Totally acknowledge and understand the scope of the problem, but I worry 
about expanding our test-matrix more. I also worry that until we get 
some LimitedPrivate/Public API for what asyncfswal needs out of Hadoop, 
we'll be chasing our tail trying to maintain compatibility.

Is it possible for us to choose a Hadoop version (or two) that we 
generally expect people to use and target that instead of going to minor 
version?

For example, we could publish with Hadoop 2.8.latest and 3.1.latest. We 
may work with versions beyond that, but we provide (as a service to our 
users) some basic versions of Hadoop that they should be able to pull 
off the shelf.

This isn't really different than what we do today, other than setting 
different defaults for hadoop-two.version and hadoop-three.version.
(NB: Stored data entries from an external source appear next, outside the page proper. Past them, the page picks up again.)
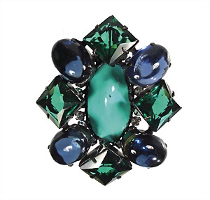 Dekorative Brosche "SCHREINER" New York, Metall (geschwärzt), zentral: türkisfarbener Stein, im Kranz abwechselnd grüne facettierte u. blaue Glascabochons, ca. 53,8 x 64,5 mm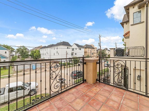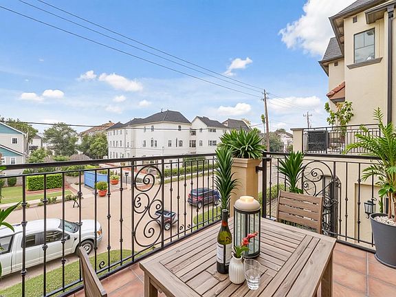 In the heart of Shady Acres sits this freestanding villa, front-facing and exclusive, with front yard and covered porch made for evenings with friends. Situated in gated Shady Acres gated enclave. Soaring ceilings, wrought iron staircase, and open concept second-floor living flow to a large north-facing terrace. The kitchen is built for both cooking and gathering with gas range, pantry, abundant counter space, stainless refrigerator included, and open sight lines to dining and living. The top-floor primary suite feels like a retreat with high ceiling, dual sinks, soaking tub, separate shower, and oversized walk-in closet, large laundry area and adjacent secondary bedroom with ensuite bath. A first-floor bedroom with full bath works well for guests, office, or gym. Attached two-car garage, window coverings and thoughtful layout add convenience. Close to the heart of Houston Heights, White Oak Bayou Trails, Cedar Creek, Crisp, Eureka Heights, Slowpokes, 19th Street shopping. W/D option!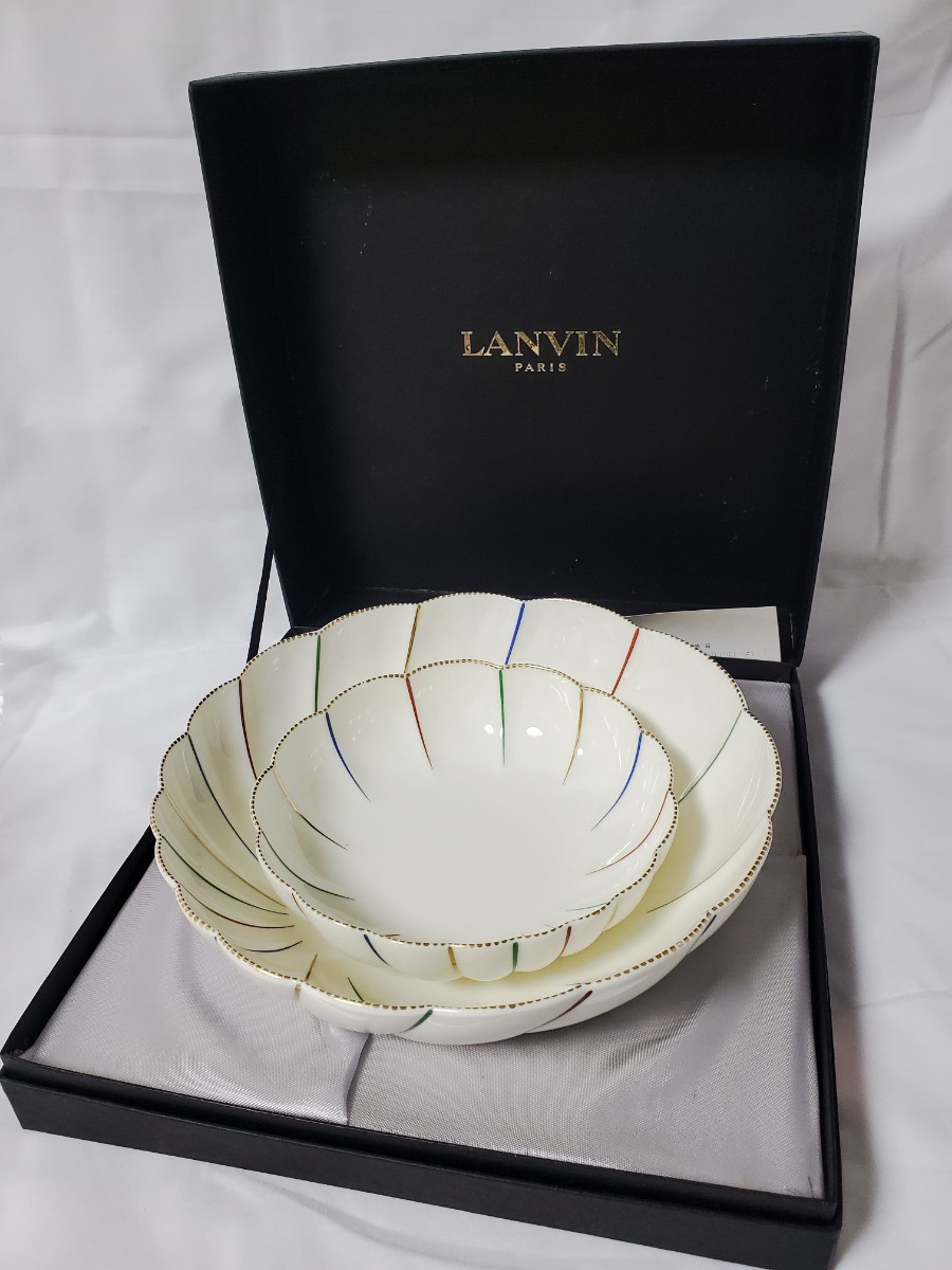 [未使用] LANVIN ランバン 23㎝ 丸大鉢 16㎝ 丸中鉢2点まとめて 皿 食器 インテリア 箱付き★02K-32の出品になります。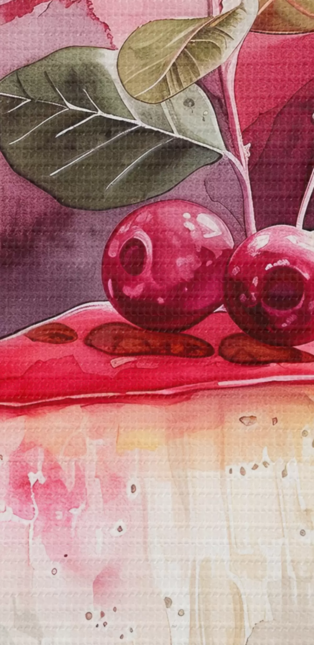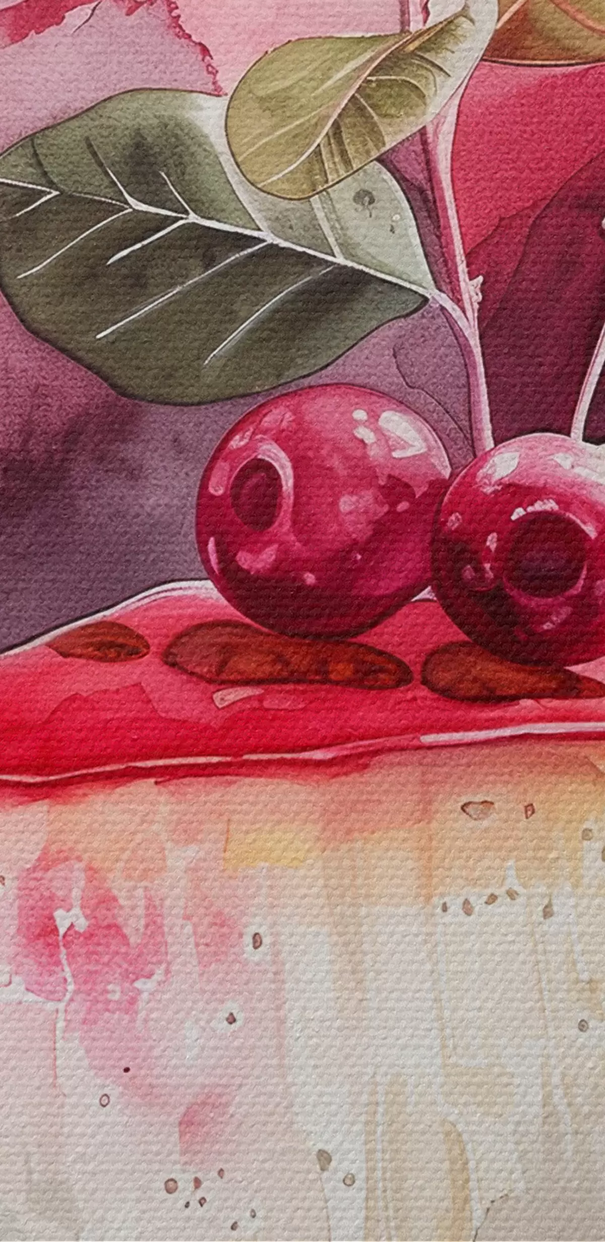 Obraz Akwarelowy sernik z wiśniami, elegancka sztuka kulinarna, kolory czerwony i fioletowy Nr s39700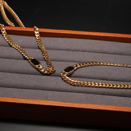 18K Gold Cuban Bracelet Chain - Black Onyx Gemstone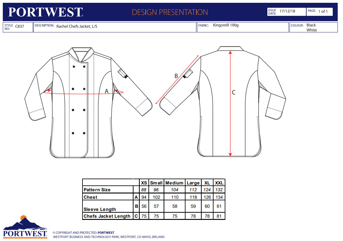 Portwest C837 Rachel Dámsky kuchársky rondon s dlhým rukávom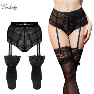 Bộ nịt bít tất + vớ Varsbaby nhún bèo ren xuyên thấu quyến rũ cho nữ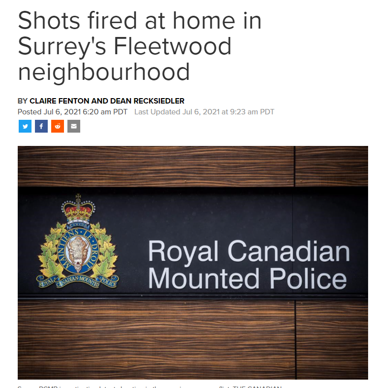 素里皇家骑警确认,被袭击的目标是警方所熟识的人物,这起枪击案与大温地区的帮派斗争有关,目前正在调查阶段。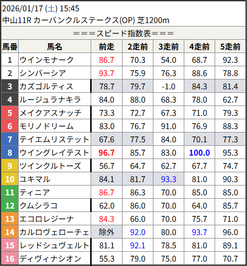 Home / 予想データ / 2026/01/17 スピード指数表スピード指数予想データ2026/01/17 スピード指数表による shunrai コメントはまだありません2026年1月16日 18:49 ※見解・買い目はこちらを参照ください。 中山 京都 佐賀 共有: X で共有 (新しいウィンドウで開きます) X 友達にメールでリンクを送信 (新しいウィンドウで開きます) メールアドレス Facebook で共有 (新しいウィンドウで開きます) Facebook いいね:いいね 読み込み中…Share ArticlePrevious Article2026/01/16 大井11R 馬連・ワイド・3連単◎○▲ 15,650円🎯Next Article2026/01/16 名古屋12R 3連単◎○▲ 71,840円🎯shunraiRelated Posts 2026/02/13 スピード指数表 2026年2月12日 2026/02/12 スピード指数表 2026年2月12日 2026/02/11 スピード指数表 2026年2月11日コメントを残す コメントをキャンセルメールアドレスが公開されることはありません。 ※ が付いている欄は必須項目ですコメント名前 メール サイト 次回のコメントで使用するためブラウザーに自分の名前、メールアドレス、サイトを保存する。 Δ

I 
think it would be more in "communicating" to our downstream users that, 
what we provide as a convenience, is expected to work against specific 
Hadoop versions.

On 5/29/19 9:40 AM, 张铎(Duo Zhang) wrote:
> See the comments here
> 
> https://issues.apache.org/jira/browse/HBASE-22394
> 
> Although we claim that hbase 2.1.x can work together with hadoop 3.1.x,
> actually we require users to build the hbase binary with hadoop 3.1.x by
> their own if they really want to use hbase together with hadoop 3.1.x
> clients.
> 
> The problem for HBASE-22394 is that our asyncfswal references some
> IA.Private classes and they have been changed between minor releases. It
> can be solved by using reflection. But in general, since hadoop also
> follows the semantic versioning, I do not think it is safe to do drop-in
> replacement between minor releases. So maybe a better way is to publish a
> hbase binary for each hadoop minor release line?
> 
> Thanks.
> 

Re: [DISCUSS] Publishing hbase binaries with different hadoop release lines

Posted by Artem Ervits <ar...@gmail.com>.
I can't comment whether we need every Hadoop release but at the minimum,
2.8.5 as we recently switched to it from 2.7.7. I ran into issues with
2.8.5 and 2.1.5rc0 and used workaround in
https://issues.apache.org/jira/browse/HBASE-22052 to overcome it. I guess
if 2.1 will not live past 2.1.6 then it's irrelevant. At the minimum we
need to document steps to build an HBase binary with explicit Hadoop
version. Yes, it's there but we need to do a better job bringing this
information forward.

On a separate note, I ran into issues with 2.2rc4 and Hadoop 2.9.2 and plan
to improve documentation for workarounds, initial thoughts are in
https://issues.apache.org/jira/browse/HBASE-22465. I want to emphacose both
sides of the coin, with strict durability and without. Thoughts welcome on
the jira.



On Wed, May 29, 2019, 9:41 AM 张铎(Duo Zhang) <pa...@gmail.com> wrote:

> See the comments here
>
> https://issues.apache.org/jira/browse/HBASE-22394
>
> Although we claim that hbase 2.1.x can work together with hadoop 3.1.x,
> actually we require users to build the hbase binary with hadoop 3.1.x by
> their own if they really want to use hbase together with hadoop 3.1.x
> clients.
>
> The problem for HBASE-22394 is that our asyncfswal references some
> IA.Private classes and they have been changed between minor releases. It
> can be solved by using reflection. But in general, since hadoop also
> follows the semantic versioning, I do not think it is safe to do drop-in
> replacement between minor releases. So maybe a better way is to publish a
> hbase binary for each hadoop minor release line?
>
> Thanks.
>

Re: [DISCUSS] Publishing hbase binaries with different hadoop release lines

Posted by Andrew Purtell <ap...@apache.org>.
The separate compatibility modules repo idea is appealing, especially if it
can provide a single jar that also shades and includes Hadoop classes and
their specific dependencies. This would simplify version specific
deployment: Unpack HBase tarball, remove included hbase-hadoop-*.jar,
download appropriate hbase-hadoop-*.jar from hbase-hadoop-compat artifact,
put it into lib/, you are good to go. No need to worry about multiple
Hadoop component jars, their dependencies like guava and jackson and
whatnot.

The build and assembly files for such an uber compat module would also
serve as a template for anyone who wants to roll their own for a new Hadoop
version or an API compatible set of alternative jars.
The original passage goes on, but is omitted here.